Мы с Лиз подскочили к ней в испуге. Недавно у нее был серьезный приступ стенокардии, и мы знали, что сердце у нее слабое; мой дед умер от инфаркта после простой пробежки.
– Дорогая, не дашь мне таблетки? Там, в сумочке…
Лиз порылась в маминой сумке и обернулась, потрясая пластинкой бета-блокирующих таблеток, словно спортивным трофеем. Я налил воды в стакан. Грас приняла свои пилюли.
– Слишком много нервничаешь, мам. Надо бы тебе съездить куда-нибудь, развеяться.
– Не хочу я никуда уезжать. Мне и дома очень хорошо. Прихватывает время от времени, потом отпускает. Но мне бы хотелось, чтобы вы перестали болтать о полтергейсте.
– Ладно, хорошо, это же в шутку. К тому же я в самом деле не понимаю, кто, кроме тебя, захотел бы чудить в этом чертовом бараке!
Я бросил на свою сестру убийственный взгляд.
– Ладно, ладно, уже перестала. Поищу выпить.
– Ты заберешь детей?
Лиз кивнула, потом надела сапоги прямо на босу ногу. Вышла, хлопнув дверью слишком громко, отчего треснувшее стекло окончательно раскололось.

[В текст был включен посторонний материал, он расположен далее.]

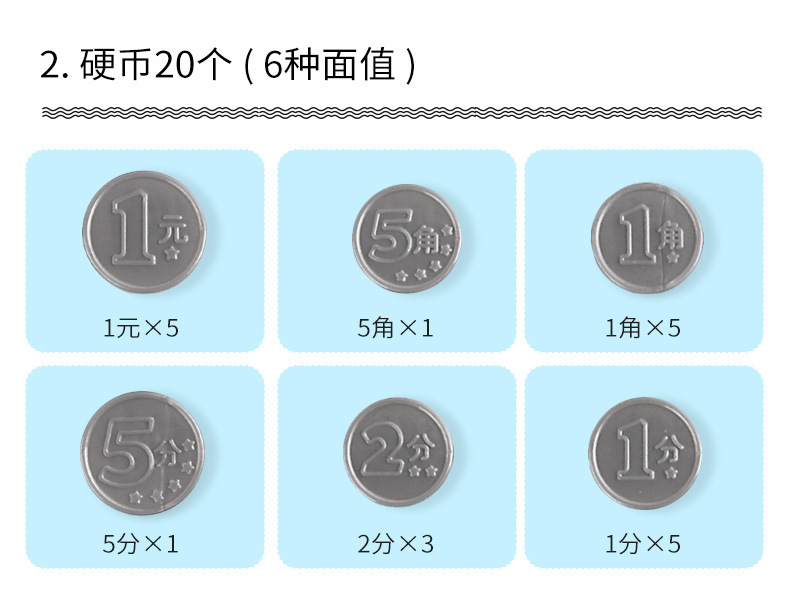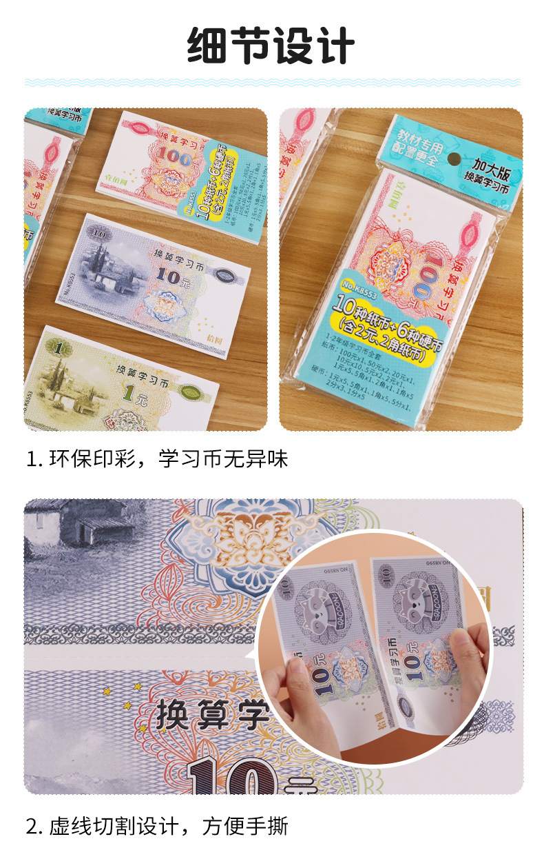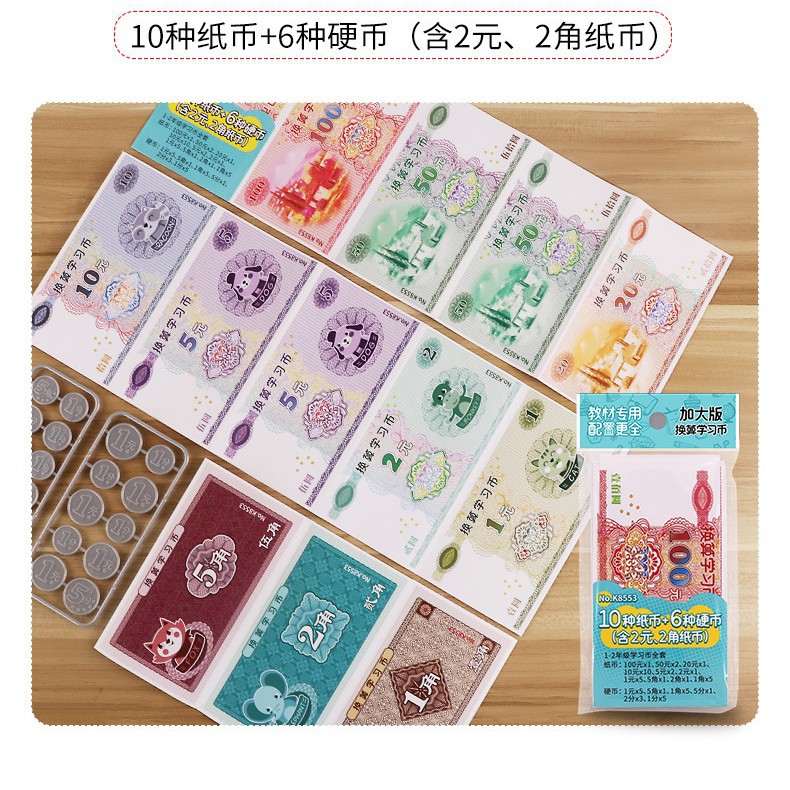 RMB 학습 수학 도구 샘플 동전 위안 Jiao Fen 교구 보조 1 학년 종이 돈 어린이 교육 및 학습 동전 동전스토어 가기

Наша мать лежала, скрючившись на своей банкетке, и выглядела столетней старушкой. Я понял тогда выражение, которое видел вчера вечером на ее лице, так и не сумев его определить. В каком-то смысле Лиз была права: лицо Грас было полно призраков.
Грас Мари Батай,15 апреля 1981 года, спальня,22.07 на радиобудильнике
«Колумбия» благополучно вернулась на Землю.
Но не ты.
Мне только что позвонили, автомобильная авария. Уверили, что ничего серьезного. «Ничего серьезного, мадам Батай, он сейчас под наблюдением врачей, завтра вам позвонит». Тебя нет в «Гранж Бланш», в моей собственной больнице, иначе я взяла бы машину, «АМИ-8», и приехала бы. Ты слишком далеко, как всегда, даже валяешься с неизвестно какой травмой где-то в другом месте. Канны – наша Калифорния.
«Колумбия» с изумительной точностью приземлилась на посадочную полосу базы Эдвардс. Как пишут в газетах: «Необычайное стало повседневностью». Именно это я и испытываю. По телефону я спросила, в каком часу произошла авария. Медсестра ничего об этом не знала, но сказала, что наведет справки. Я жду. Уже три четверти часа.
По поводу космического челнока журналисты говорили о томительном ожидании, которое длилось целый час – «шестьдесят самых долгих и славных минут в истории аэронавтики». Я чувствую себя, как диспетчер НАСА, только без всякой славы.
Конечно, я тревожусь за тебя, но моя голова занята другим – доказательством. Доказательством, которое я ждала, доказательством, что мои новые морщины – вовсе не морщины, что хроническая тоска, которая меня изводит, – вовсе не хроническая, что черные круги у меня под глазами – вовсе не черные круги, а все это из-за девчонки.
Пусть говорят что хотят, чтобы выразиться покрасивее, цвет осенней листвы, пряничный, но эта девица – рыжая. Да, огненно-рыжая, адски рыжая, это первое, что поражает, когда глядишь на нее, даже раньше ее красоты – ее волосы, с которыми не может сравниться само солнце, полуденное солнце в самом разгаре лета.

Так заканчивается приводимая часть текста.